Attie Baard
- Full name: Adriaan Pieter Baard
- Born: 17 May 1933 Kakamas, South Africa
- Died: 30 April 2009 (aged 75) Somerset West, South Africa
- Height: 1.90 m (6 ft 3 in)
- Weight: 93 kg (205 lb)

Rugby union career
- Position(s): Back row

International career
- Years: Team / Apps / (Points)
- 1960: South Africa / 1 / (0)

= Attie Baard =

South African international rugby union player

Adriaan Pieter Baard (17 May 1933 – 30 April 2009) was a South African international rugby union player.

Baard was born in Kakamas and attended Hoërskool Martin Oosthuizen during his youth. He studied medicine at Stellenbosch University, but wasn't involved in their rugby program until his fifth year.

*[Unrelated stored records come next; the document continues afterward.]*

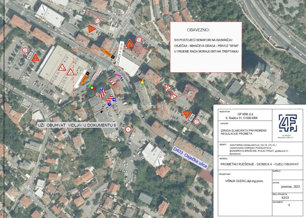 Za vrijeme izvođenja radova promet će se odvijati uz naizmjenično propuštanje vozila po slobodnoj – sjevernoj prometnoj traci, regulirano gradilišnim semaforima.
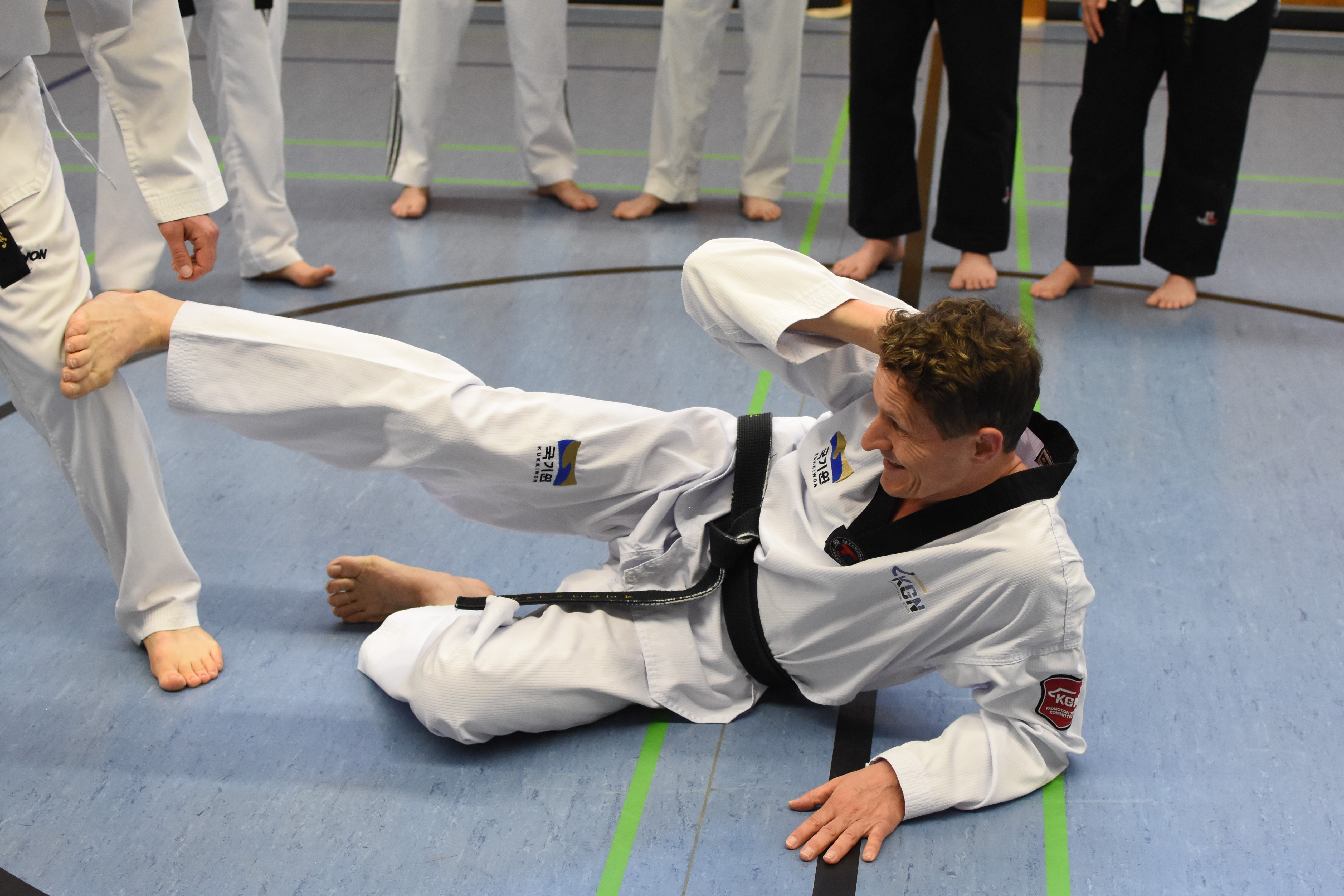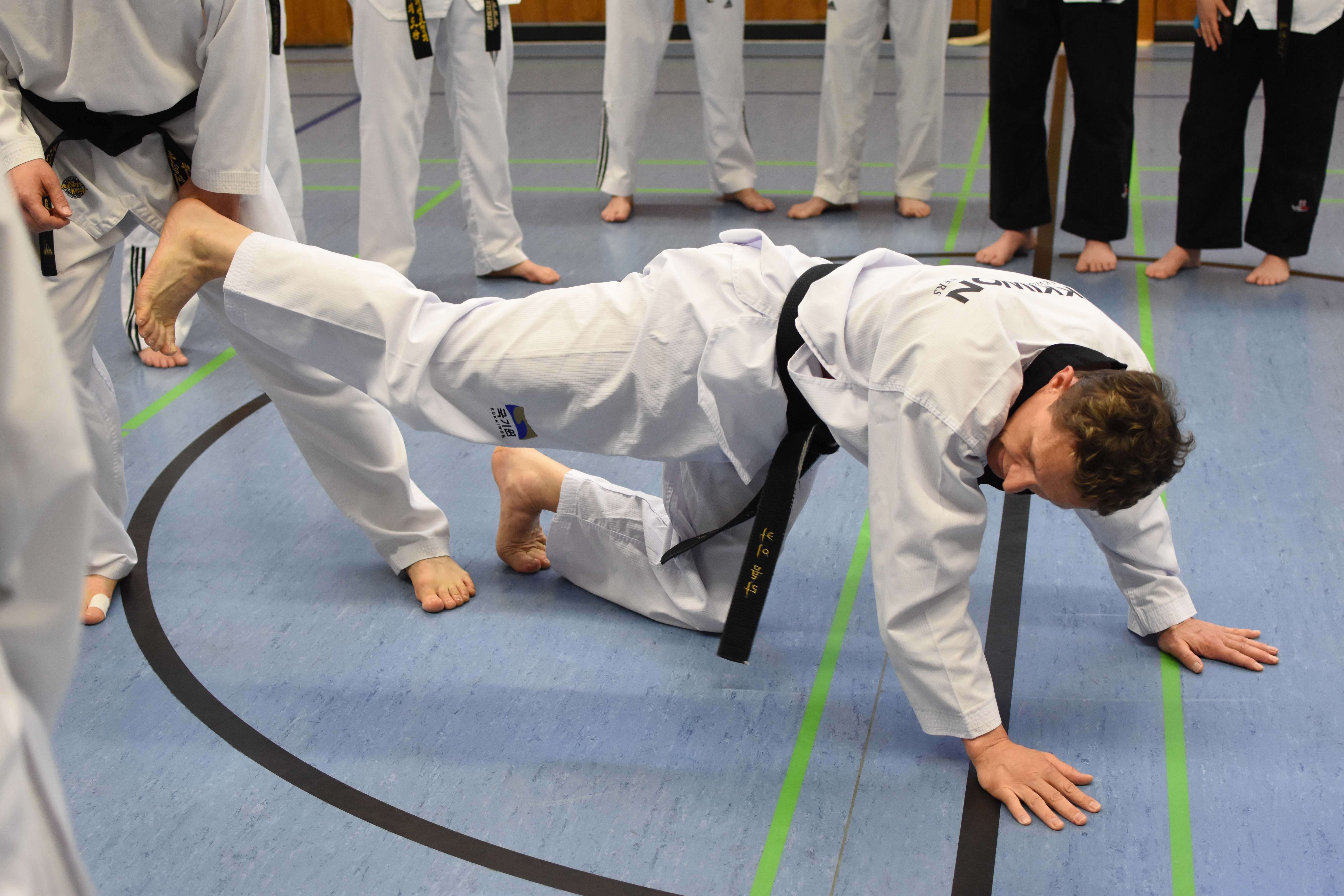 Mit diesem Realitätssinn und seiner offenen Art wusste Kai die Gruppe, die sich an dem sonnigen Frühlingswochenende in der Halle der Realschule am Klostergarten eingefunden hatte, schnell zu begeistern. So fragte er gleich zu Anfang, welche Wünsche und Vorstellungen die Teilnehmenden hätten, die überwiegend Taekwondo-Schwarzgurte waren und teils auch bereits Erfahrungen aus anderen Kampfkünsten wie dem Hapkido mitbrachten. Damit war das Niveau der Veranstaltung durchweg hoch.
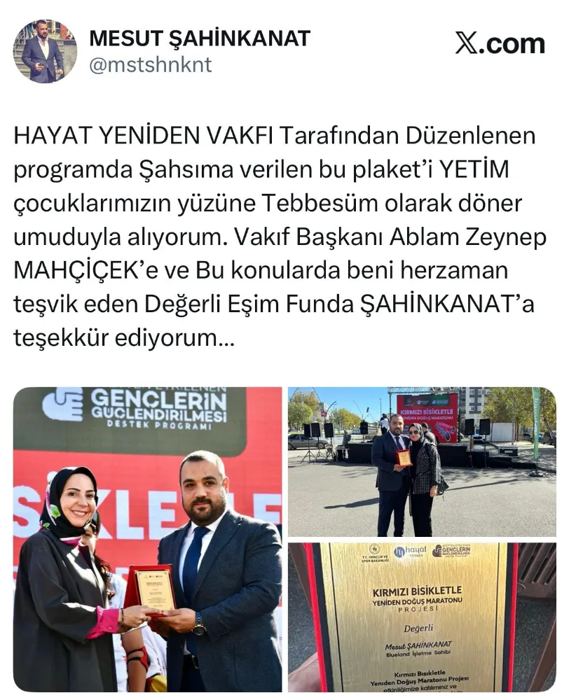 Mesut Şahinkanat, aldığı plaketi duygusal bir mesajla paylaşarak şu ifadelere yer verdi: “Şahsıma verilen bu plaketi, yetim çocuklarımızın yüzüne tebessüm olarak döner umuduyla alıyorum. Vakfın fedakâr Başkanı Zeynep Mahçiçek ablama ve bu konularda her zaman beni teşvik eden değerli eşim Funda Şahinkanat’a teşekkür ediyorum.”
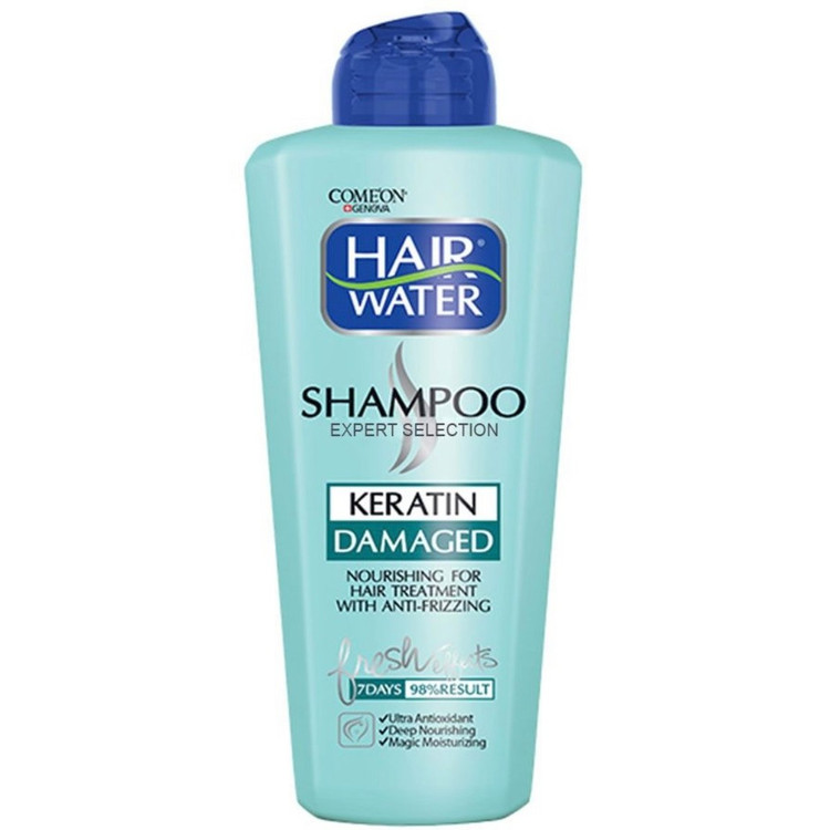 شامپو کراتينه کامان مدل هير واتر مخصوص موهای آسیب دیده، حاوی پروتئین و کراتین است که به طور خاص کار آن بازسازی، احیا و رطوبت رسانی عمیق موها میباشد و همچنین از موخوره و دیگر آسیبها مو در اثر کمبود کراتین در موها، جلوگیری میکند. این شامپو همچنین، استحکام و مقاومت موها را افزایش میدهد و همچنین با توجه به فرمولاسیونی که دارد، باعث تثبیت رنگ موها میشود. این شامپو فاقد سولفات و دیگر مواد شیمایی مضر برای موها و پوست سر است و میتواند با خیال راحت بدون اینکه موهای خود را آسیب بزنید، از آن استفاده کنید.
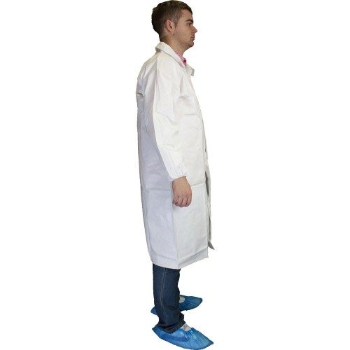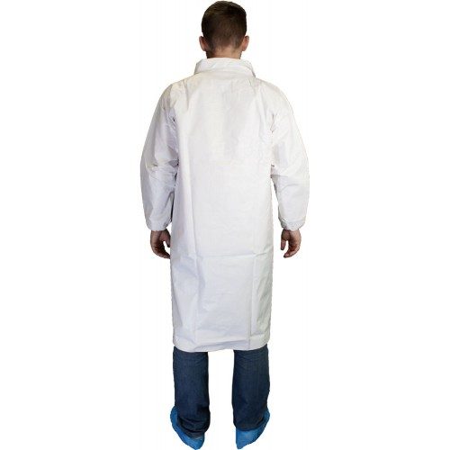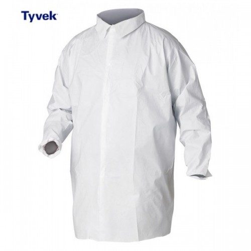 Tyvek Type 5/6 Labcoat รจ un camice di 2/3 di lunghezza completo di colletto.

A back row forward, Baard was a member of the Springboks squad for their 1960–61 tour of Europe as an understudy to number eight Doug Hopwood. He made a total of 13 tour appearances, some as a flanker, and was capped in the Test match against Ireland, for which Hopwood was sidelined with injury. At provincial level, Baard represented both Western Province and Eastern Province, the latter while based in Port Elizabeth.

Baard was a medical doctor by profession and lived his retirement in Somerset West.